▶ **TO DO**
Scan the listing for the word "dans", and copy out each line where it is found.

EXTRACTED MATERIAL Start Marker

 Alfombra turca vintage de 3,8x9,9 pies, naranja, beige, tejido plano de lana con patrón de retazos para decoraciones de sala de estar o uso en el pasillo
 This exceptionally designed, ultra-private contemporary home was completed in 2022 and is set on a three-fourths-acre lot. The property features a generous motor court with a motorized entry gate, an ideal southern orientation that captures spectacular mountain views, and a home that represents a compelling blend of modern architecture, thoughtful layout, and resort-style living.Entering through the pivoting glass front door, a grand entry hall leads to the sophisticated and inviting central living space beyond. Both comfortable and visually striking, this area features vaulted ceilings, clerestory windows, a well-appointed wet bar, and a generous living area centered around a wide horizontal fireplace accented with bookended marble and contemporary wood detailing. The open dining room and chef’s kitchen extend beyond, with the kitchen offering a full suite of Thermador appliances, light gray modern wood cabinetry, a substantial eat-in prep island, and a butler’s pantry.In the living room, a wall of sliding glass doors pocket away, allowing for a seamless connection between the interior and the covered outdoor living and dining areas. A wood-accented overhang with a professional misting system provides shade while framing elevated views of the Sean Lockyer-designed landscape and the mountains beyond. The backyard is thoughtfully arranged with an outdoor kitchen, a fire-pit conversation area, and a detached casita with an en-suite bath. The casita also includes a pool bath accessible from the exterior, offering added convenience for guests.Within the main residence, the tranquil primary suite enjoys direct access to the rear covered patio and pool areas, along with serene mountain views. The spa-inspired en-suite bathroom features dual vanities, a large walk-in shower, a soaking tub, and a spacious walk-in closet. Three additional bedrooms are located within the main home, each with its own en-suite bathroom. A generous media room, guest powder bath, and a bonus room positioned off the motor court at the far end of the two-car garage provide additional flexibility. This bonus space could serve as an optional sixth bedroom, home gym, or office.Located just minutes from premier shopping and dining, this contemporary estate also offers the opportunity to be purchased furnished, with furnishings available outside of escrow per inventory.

EXTRACTED MATERIAL End Marker
EXTRACTED MATERIAL Start Marker

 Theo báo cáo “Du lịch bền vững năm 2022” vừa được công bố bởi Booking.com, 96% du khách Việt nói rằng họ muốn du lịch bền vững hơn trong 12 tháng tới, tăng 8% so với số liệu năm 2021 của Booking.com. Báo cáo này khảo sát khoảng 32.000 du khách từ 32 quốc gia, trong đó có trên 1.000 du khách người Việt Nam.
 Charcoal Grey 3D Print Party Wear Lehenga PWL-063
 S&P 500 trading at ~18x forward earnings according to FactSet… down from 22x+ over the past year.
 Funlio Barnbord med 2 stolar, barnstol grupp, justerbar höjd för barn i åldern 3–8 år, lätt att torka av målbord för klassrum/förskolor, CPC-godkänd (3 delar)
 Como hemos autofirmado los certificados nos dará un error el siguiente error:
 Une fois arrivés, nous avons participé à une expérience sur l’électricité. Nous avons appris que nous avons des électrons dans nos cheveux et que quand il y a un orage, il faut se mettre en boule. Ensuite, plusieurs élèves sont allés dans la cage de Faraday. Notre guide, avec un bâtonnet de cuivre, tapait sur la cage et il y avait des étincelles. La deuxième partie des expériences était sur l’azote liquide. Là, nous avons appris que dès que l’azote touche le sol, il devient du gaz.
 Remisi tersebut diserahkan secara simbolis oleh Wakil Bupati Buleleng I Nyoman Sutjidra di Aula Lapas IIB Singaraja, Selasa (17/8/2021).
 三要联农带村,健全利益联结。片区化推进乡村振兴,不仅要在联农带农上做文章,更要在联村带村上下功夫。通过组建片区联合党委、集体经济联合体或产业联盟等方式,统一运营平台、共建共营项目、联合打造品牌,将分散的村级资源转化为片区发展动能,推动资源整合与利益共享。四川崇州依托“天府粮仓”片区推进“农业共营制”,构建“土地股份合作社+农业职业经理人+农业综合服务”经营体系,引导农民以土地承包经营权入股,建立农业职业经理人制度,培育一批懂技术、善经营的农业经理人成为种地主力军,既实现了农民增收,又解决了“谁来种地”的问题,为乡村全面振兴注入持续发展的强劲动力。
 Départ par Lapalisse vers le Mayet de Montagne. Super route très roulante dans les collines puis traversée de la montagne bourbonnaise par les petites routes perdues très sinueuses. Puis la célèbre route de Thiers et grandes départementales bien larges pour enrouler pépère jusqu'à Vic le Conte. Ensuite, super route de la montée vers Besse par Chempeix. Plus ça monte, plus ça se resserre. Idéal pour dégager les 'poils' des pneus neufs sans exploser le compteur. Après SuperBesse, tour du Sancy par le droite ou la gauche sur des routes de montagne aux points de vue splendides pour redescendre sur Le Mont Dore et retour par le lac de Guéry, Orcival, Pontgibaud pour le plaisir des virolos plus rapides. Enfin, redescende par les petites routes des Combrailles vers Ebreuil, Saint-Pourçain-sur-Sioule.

EXTRACTED MATERIAL End Marker
EXTRACTED MATERIAL Start Marker

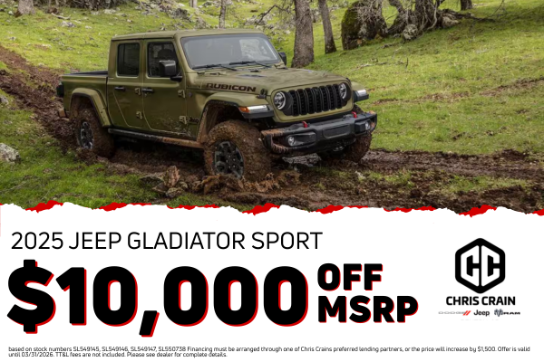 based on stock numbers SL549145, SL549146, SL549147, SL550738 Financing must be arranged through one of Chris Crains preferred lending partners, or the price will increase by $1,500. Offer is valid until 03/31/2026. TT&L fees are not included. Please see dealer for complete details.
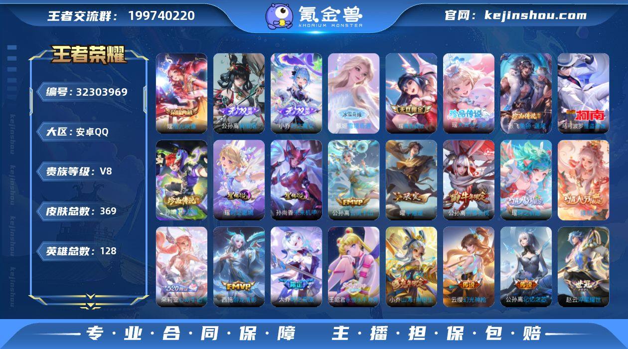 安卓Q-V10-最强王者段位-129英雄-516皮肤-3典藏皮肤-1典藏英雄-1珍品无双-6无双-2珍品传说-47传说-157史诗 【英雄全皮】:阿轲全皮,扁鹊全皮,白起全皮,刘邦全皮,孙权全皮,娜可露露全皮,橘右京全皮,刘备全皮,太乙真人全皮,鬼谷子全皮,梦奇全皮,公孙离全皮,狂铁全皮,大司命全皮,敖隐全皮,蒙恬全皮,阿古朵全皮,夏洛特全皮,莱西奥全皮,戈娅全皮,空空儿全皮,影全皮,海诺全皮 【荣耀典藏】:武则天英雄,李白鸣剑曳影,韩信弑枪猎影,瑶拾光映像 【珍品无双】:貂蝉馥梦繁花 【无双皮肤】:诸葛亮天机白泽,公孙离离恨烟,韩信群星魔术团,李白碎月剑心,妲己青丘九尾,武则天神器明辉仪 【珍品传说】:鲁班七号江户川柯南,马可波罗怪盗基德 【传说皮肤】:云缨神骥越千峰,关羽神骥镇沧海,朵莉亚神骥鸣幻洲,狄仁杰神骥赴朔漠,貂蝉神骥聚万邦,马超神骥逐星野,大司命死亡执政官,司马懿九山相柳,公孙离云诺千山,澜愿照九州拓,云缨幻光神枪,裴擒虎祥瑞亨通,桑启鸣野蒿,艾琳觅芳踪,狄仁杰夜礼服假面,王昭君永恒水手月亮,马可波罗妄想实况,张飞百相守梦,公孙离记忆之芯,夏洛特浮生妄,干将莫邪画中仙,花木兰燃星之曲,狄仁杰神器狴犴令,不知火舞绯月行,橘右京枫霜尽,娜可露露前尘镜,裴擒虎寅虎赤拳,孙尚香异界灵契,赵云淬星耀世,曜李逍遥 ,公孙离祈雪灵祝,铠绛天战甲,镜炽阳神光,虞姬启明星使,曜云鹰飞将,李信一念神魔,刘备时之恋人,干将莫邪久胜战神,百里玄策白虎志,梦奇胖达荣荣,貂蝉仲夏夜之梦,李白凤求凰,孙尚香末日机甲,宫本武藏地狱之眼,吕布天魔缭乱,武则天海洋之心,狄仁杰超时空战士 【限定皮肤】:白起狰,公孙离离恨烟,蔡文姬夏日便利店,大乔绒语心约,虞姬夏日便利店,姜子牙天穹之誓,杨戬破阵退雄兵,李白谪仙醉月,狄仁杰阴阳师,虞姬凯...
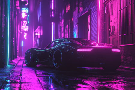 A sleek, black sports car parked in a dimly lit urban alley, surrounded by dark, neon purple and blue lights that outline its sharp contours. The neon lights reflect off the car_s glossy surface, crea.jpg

EXTRACTED MATERIAL End Marker

▶ **EXERCISE ANSWER**
 Une fois arrivés, nous avons participé à une expérience sur l’électricité. Nous avons appris que nous avons des électrons dans nos cheveux et que quand il y a un orage, il faut se mettre en boule. Ensuite, plusieurs élèves sont allés dans la cage de Faraday. Notre guide, avec un bâtonnet de cuivre, tapait sur la cage et il y avait des étincelles. La deuxième partie des expériences était sur l’azote liquide. Là, nous avons appris que dès que l’azote touche le sol, il devient du gaz.
 Départ par Lapalisse vers le Mayet de Montagne. Super route très roulante dans les collines puis traversée de la montagne bourbonnaise par les petites routes perdues très sinueuses. Puis la célèbre route de Thiers et grandes départementales bien larges pour enrouler pépère jusqu'à Vic le Conte. Ensuite, super route de la montée vers Besse par Chempeix. Plus ça monte, plus ça se resserre. Idéal pour dégager les 'poils' des pneus neufs sans exploser le compteur. Après SuperBesse, tour du Sancy par le droite ou la gauche sur des routes de montagne aux points de vue splendides pour redescendre sur Le Mont Dore et retour par le lac de Guéry, Orcival, Pontgibaud pour le plaisir des virolos plus rapides. Enfin, redescende par les petites routes des Combrailles vers Ebreuil, Saint-Pourçain-sur-Sioule.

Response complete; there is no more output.